Brad DeLong: Worthy reads on equitable growth, August 26–30, 2019

Worthy reads from Equitable Growth:

  1. Read Alexander Hertel-Fernandez, William Kimball, and Thomas Kochan, “How U.S. Workers Think About Workplace Democracy: The Structure of Individual Worker Preferences for Labor Representation,” in which they write: “Although never as powerful as in other advanced democracies, unions remain incredibly important economic and political organizations in the United States. Yet we know little about the structure of workers’ preferences for labor unions or other alternative labor organizations. We report the results of a conjoint experiment fielded on a nationally representative sample of more than 4,000 employees. We explore how workers’ willingness to join and financially support labor organizations varies depending on the specific benefits and services offered by those organizations. While workers value some aspects of traditional American unions very highly, especially collective bargaining, they would be even more willing to join and support organizations currently unavailable under U.S. law and practice. We also identify important cleavages in worker support for labor organizations engaged in politics and strikes. Our results shed light on the politics of labor organization, as well as civic association and membership more broadly.”
  2. Read Raksha Kopparam, “The Federal Reserve’s new Distributional Financial Accounts provide telling data on growing U.S. wealth and income inequality,” in which she writes: “The Federal Reserve Board … Distributional Financial Accounts … provides quarterly estimates of wealth distribution in the country from 1989 to 2019. The new dataset was created by integrating the Federal Reserve Board’s Financial Accounts with the Survey of Consumer Finances. Together, they contain reliable measures of the distribution of household-sector assets and liabilities from 1989, which gives policymakers and economists alike new insight into how the distribution of wealth has changed since the 1990s.”
  3. Read Korin Davis, “Equitable Growth invests $1.064 million in advancing research on inequality and growth.”
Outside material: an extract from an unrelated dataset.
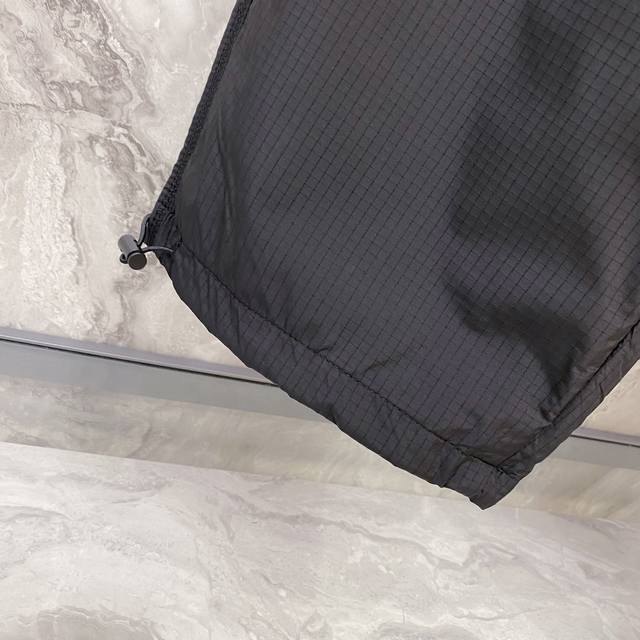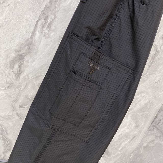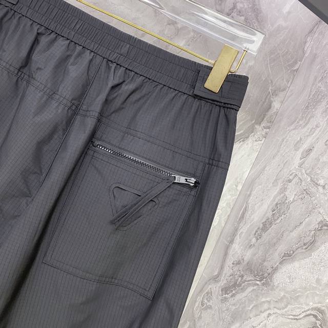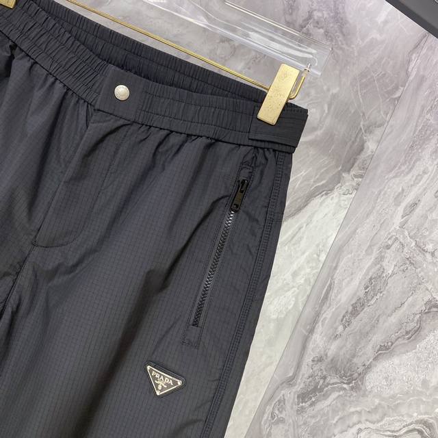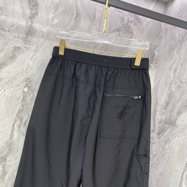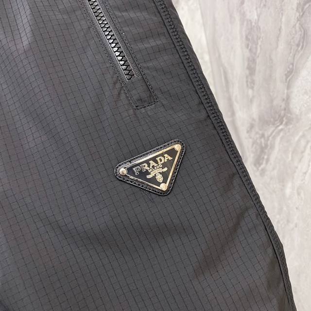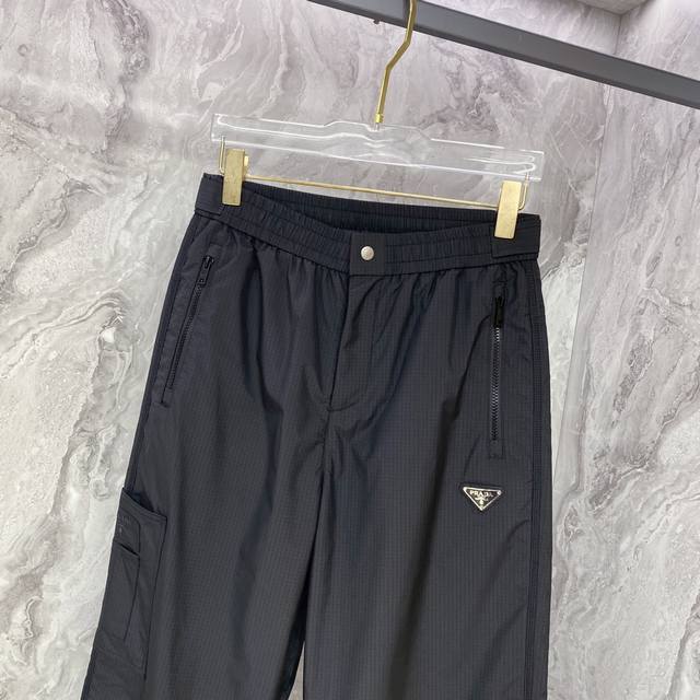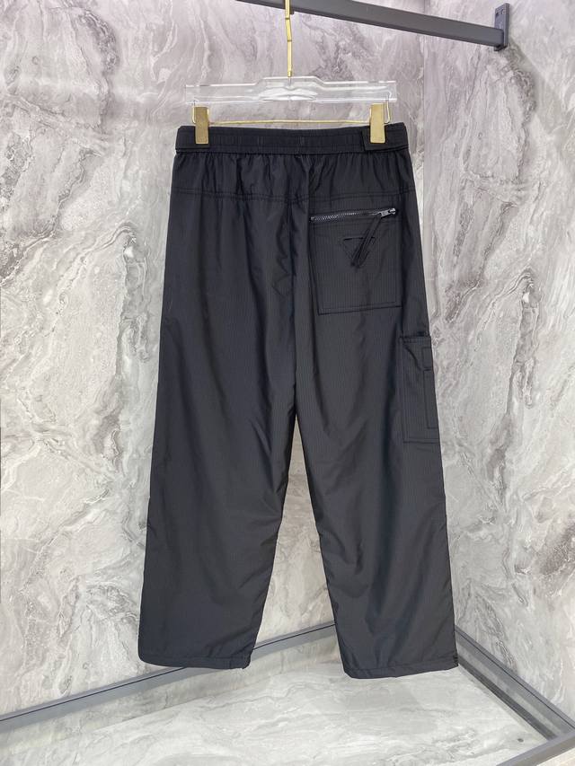 Prada 2025 Fall/Winter New Casual Pants. Custom enamel metal triangle logo casual trousers with an elastic waistband and drawstring. Lightweight and with a beautiful drape, a must-have for all seasons! Color: Black. Sizes: 48-56.

Worthy reads not from Equitable Growth:

  1. We have a social insurance system in which employers play a large role as intermediaries between individual workers and the government. We have such a system in large part because right-wingers in the 1920s argued that you did not need government-provided social insurance because private employers could and would step up to the task in order to boost the morale of their workers. What Uber Technologies, Inc. and Lyft, Inc. are now complaining about was originally a piece of a movement to keep government small. Thus, there is a certain historical irony in their attempt to shed their part of the social welfare mission that their predecessor entrepreneurs of a century ago assured one and all that they were eager to embrace. Read Matthew Chapman, “Uber and Lyft put up $60 million for ballot fight to avoid paying their drivers as employees” in which he writes: “On Thursday, Bloomberg News reported that ride-sharing giants Uber and Lyft are prepared to spend $60 million in support of a potential California ballot question in 2020 that would prevent their workers from being classified as employees. The push comes as the California legislature advances AB 5, which would require any workers who perform functions that aren’t outside the course of their employer’s business to be classified as an employee—codifying a decision last year by the California Supreme Court. Uber and Lyft have kept their margins low by classifying their workers as self-employed contractors who just happen to use their app as a social network to find passengers. This means that they are not covered by a number of protections that employees receive, like the right to unionize or to receive overtime pay.”
  2. I believe all these effects are very real. It still amazes me that we are not seeing them in aggregate productivity growth numbers. Read Sean Gallagher, “The fourth Industrial Revolution emerges from AI and the Internet of Things,” in which he writes: “IoT has arrived on the factory floor with the force of Kool-Aid Man exploding through walls … Smart, cheap, sensor-laden devices paired with powerful analytics and algorithms have been changing the industrial world … Companies are seeing more precise, higher quality manufacturing with lowered operational costs; less downtime because of predictive maintenance and intelligence in the supply chain; and fewer injuries on factory floors because of more adaptable equipment. And outside of the factory, other industries could benefit from having a nervous system of sensors, analytics to process ‘lakes’ of data, and just-in-time responses to emergent issues—aviation, energy, logistics, and many other businesses that rely on reliable, predictable things could also get a boost. But the new way comes with significant challenges, not the least of which are the security and resilience of the networked nervous systems stitching all this new magic together … And then there’s always that whole ‘robots are stealing our jobs’ thing. (The truth is much more complicated).”
  3. Those who are already doing well in world labor markets are able to benefit—or at least to lose less—from disruption. It is those who are not doing so well who find their inferiority of position amplified by occupation. Read Per-Anders Edin, Tiernan Evans, Georg Graetz, Sofia Hernnäs, and Guy Michaels, “The individual consequences of occupational decline,” in which they write: “Outcomes for similar workers in similar occupations over 28 years … the consequences of large declines in occupational employment … [m]ean losses in earnings and employment for those initially working in occupations that later declined are relatively moderate, [but] low-earners lose significantly more.”